Membership in organisations like the G7 and OECD were originally justified on the basis of economic development: both were meant to involve the world’s largest economies. However, with the rise of other countries, membership is now offered on the basis of “democratic values”, justified along Western lines.
When international institutions are set up along Western lines, see the world through Western framings, and are led by Westerners, one should not be surprised if their actions, advice, and prescriptions follow Western framings as well. One should also not be surprised that those who then appear to be the “most qualified” are white, establishing a permanent “ruling class” when it comes to global and elite institutions.
The international bodies that most exemplify this institutional form of discrimination are the World Bank and the IMF. These institutions were set up to manage the global economy, especially in the aftermath of the Great Depression and World War II.
However, these institutions have largely pursued an economic development platform that promotes free markets and deregulation, often at the expense of living conditions on the ground. Developing countries, faced with an economic crisis – oftentimes not of their own making – have been forced to enact sweeping and drastic policy reforms at the insistence of the IMF. These Structural Assistance Programmes were based on the ideas of the Washington Consensus: that economies must be market driven, with reduced public sectors and limited assistance. These reforms were often hugely damaging, destroying standards of living and demolishing trust in political and economic institutions, including in many of the fledgling democracies seen after the fall of the Soviet Union.
Trade agreements – at least those pursued by the West – often include other priorities that are meant to benefit Western companies and business interests. For example, the Trans-Pacific Partnership (TPP) did not just include efforts to reduce barriers to trade but also forced many countries to agree to tighten up their protections for intellectual property, open up their service sectors to foreign firms, and allow Western companies to sue governments in court to overturn regulations they did not like. The TPP was not popular in many of the countries involved in negotiations, but in the end, the promise of better access to the US was enough for them to bite the bullet.

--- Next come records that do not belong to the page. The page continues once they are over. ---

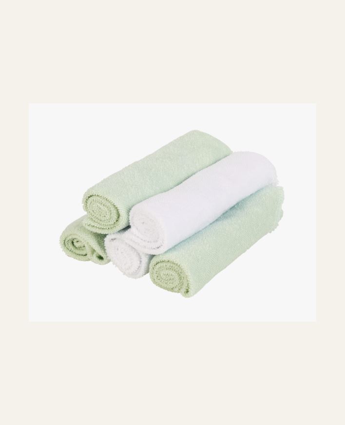 Liten användbar trasa i 5-pack. Tre färgade och två vita små frottélappar.
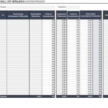 Vorlagen für einen detaillierten Plan-Ist Vergleich der unterschiedlichen Kostenarten in einem Arbeitspaket sowie der Gesamtkosten des Projektes, unterteilt nach Arbeitspaketen.
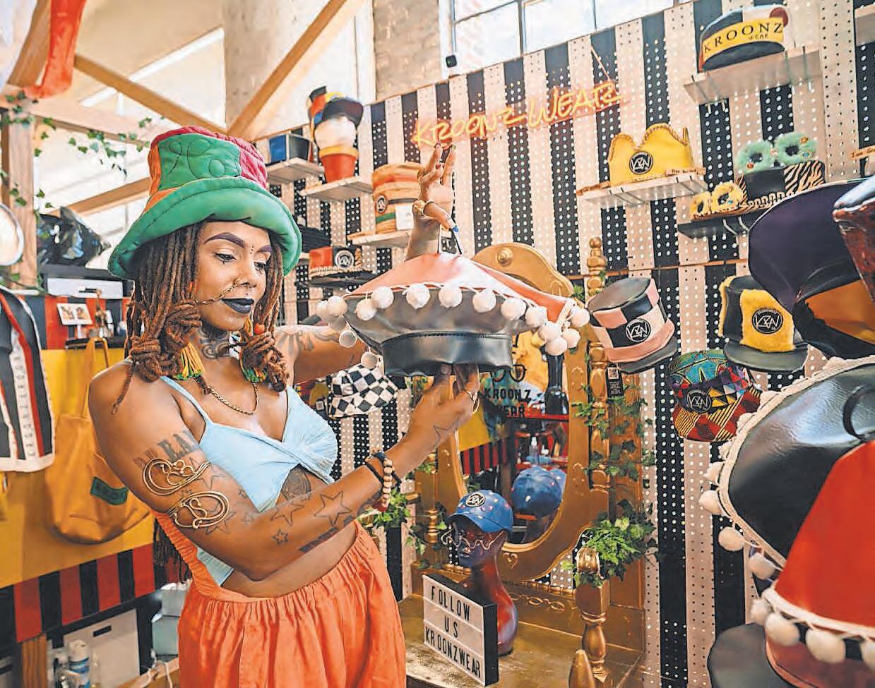 African-inspired marketplace with handcrafted goods, traditional clothing, instruments, and food vendors that is free and open to the public, creating an accessible entry point for community members to experience the celebration.
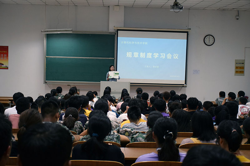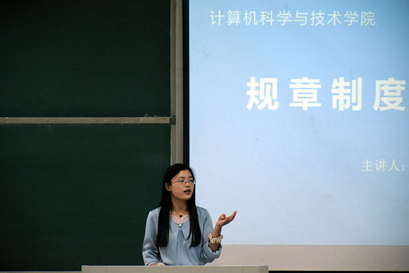 为了帮助新生更好地了解公司的规章制度,强化底线意识,9月18日晚,计科公司于理工楼西阶101和103开展规章制度学习会议。本次会议由计科公司20级辅导员曾佳慧老师主讲,全体新生参与。
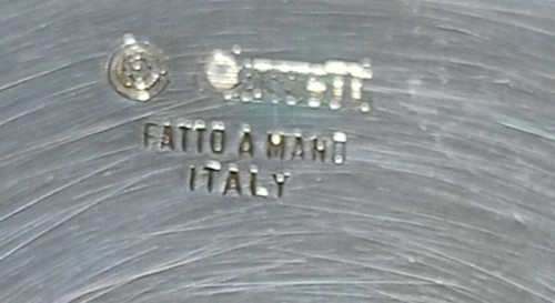 Composto da un contenitore ovale e stilizzato di cm. 22 con all' interno le boccette in cristallo presenta un manichino con rifinitura in argento lega Cassetti e legno.
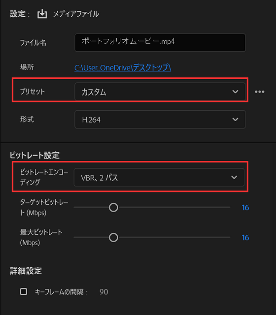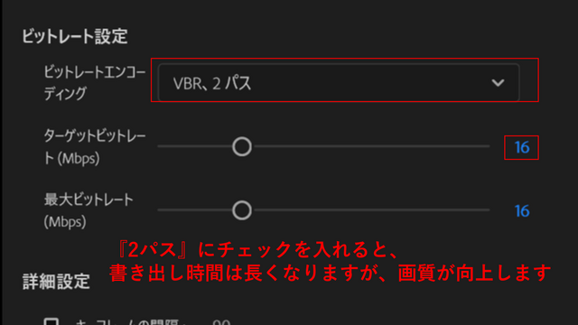 「VBR, 2パス」を選択し、ターゲットビットレートを16Mbps程度に設定すると、高画質でありながらファイルサイズも抑えることができます。

By contrast, the Regional Comprehensive Economic Partnership (RCEP), agreed on by the Association of Southeast Asian Nations (Asean), China, Japan, South Korea, Australia, and New Zealand, is a much slimmer document, focusing primarily on reducing trade barriers between the countries involved. It does not involve itself with intellectual property, investor disputes, service sectors, or government support, yet this has now led to the creation of the world’s largest trading bloc.